À l'heure où nous parlons, plus de 50 intervenants sont ici [à Addis-Abeba] et nous les avons fait venir de différents pays pour soutenir notre réponse. Et nous en envoyons certains au Nigeria et d'autres au Cameroun. Nous prévoyons d'intensifier cette action très rapidement.

Quel est votre dernier message aux Africains ?
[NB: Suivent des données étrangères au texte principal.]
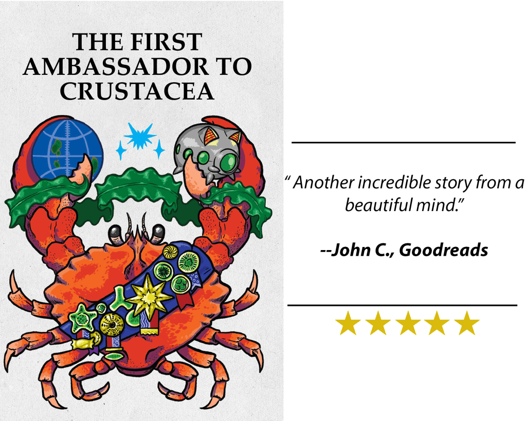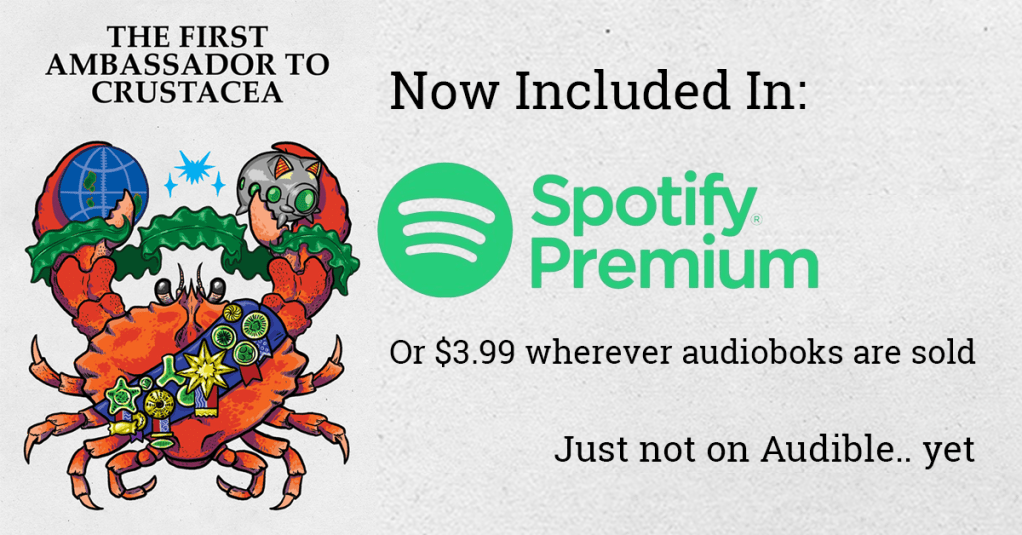 I’m thrilled to share that my latest audiobook, “The First Ambassador to Crustacea,” a crab-infused science fiction novella, is now available for your listening pleasure! Narrated by the talented Joel Simler, this captivating two-hour adventure takes you to the depths of an ocean planet dominated by lobsters.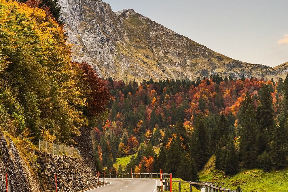 Die kurvenreiche Bergstraße zur Schwägalp in den Schweizer Alpen führt durch eine farbenfrohe Herbstlandschaft im Kanton Appenzell Ausserrhoden, Schweiz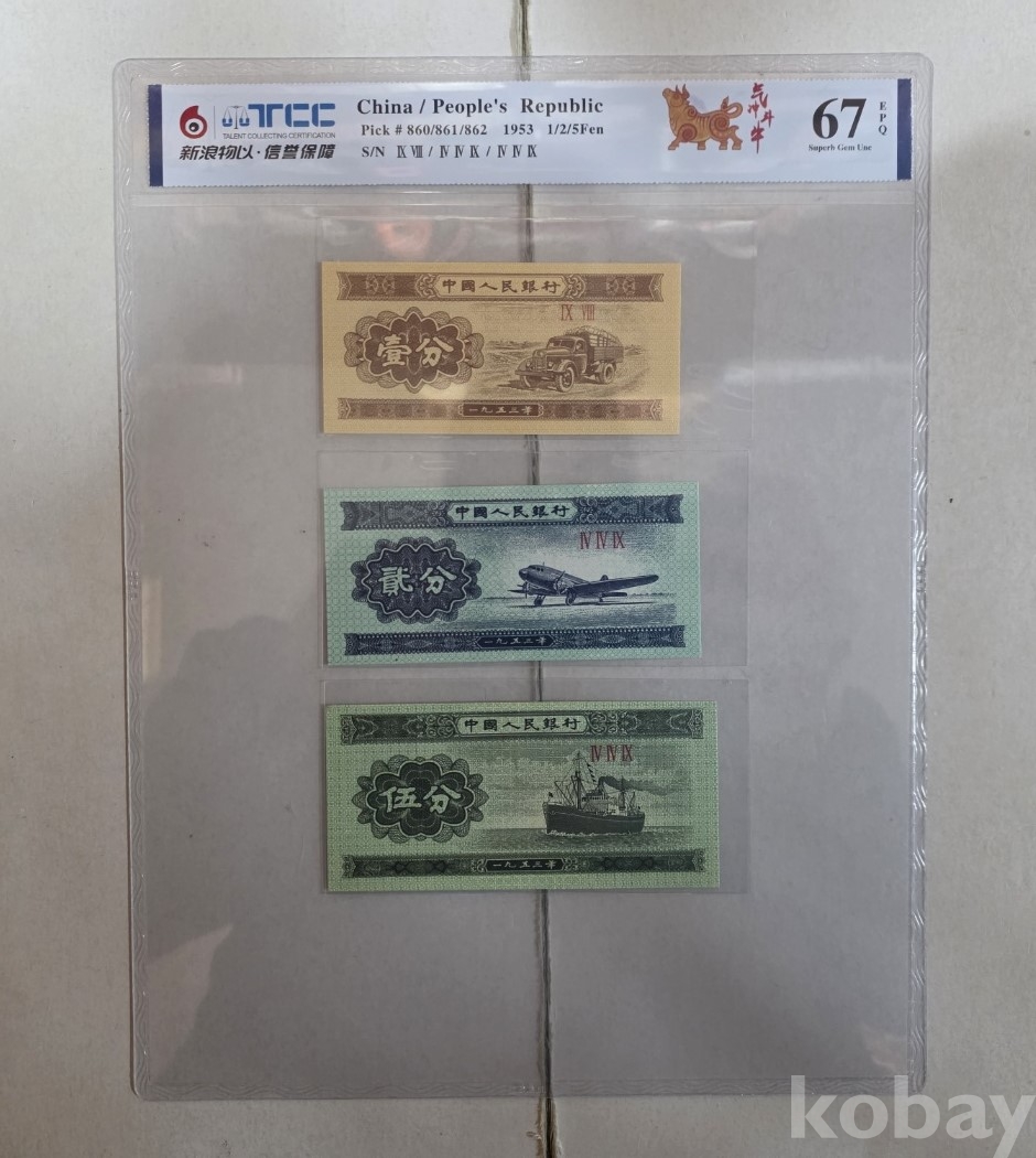 -1953년 중국 소액보조 분권 5, 2, 1분 3종 지폐 TCC67 고등급 입니다.

Mon message à l'Afrique est que nous devrions adhérer à la stratégie continentale approuvée par les ministres africains de la santé en février et défendue par le président de l'Union africaine pour 2020, le président sud-africain Cyril Ramaphosa.

Si nous n'avons pas une stratégie continentale qui nous permette de coordonner, de collaborer, de coopérer efficacement et de communiquer, nous sommes condamnés. Aucun pays ne peut éliminer le COVID-19 à lui seul en Afrique. Nous devons faire preuve d'une unité de but et travailler collectivement pour mener et gagner la guerre contre le COVID-19. Nous n'avons pas le choix.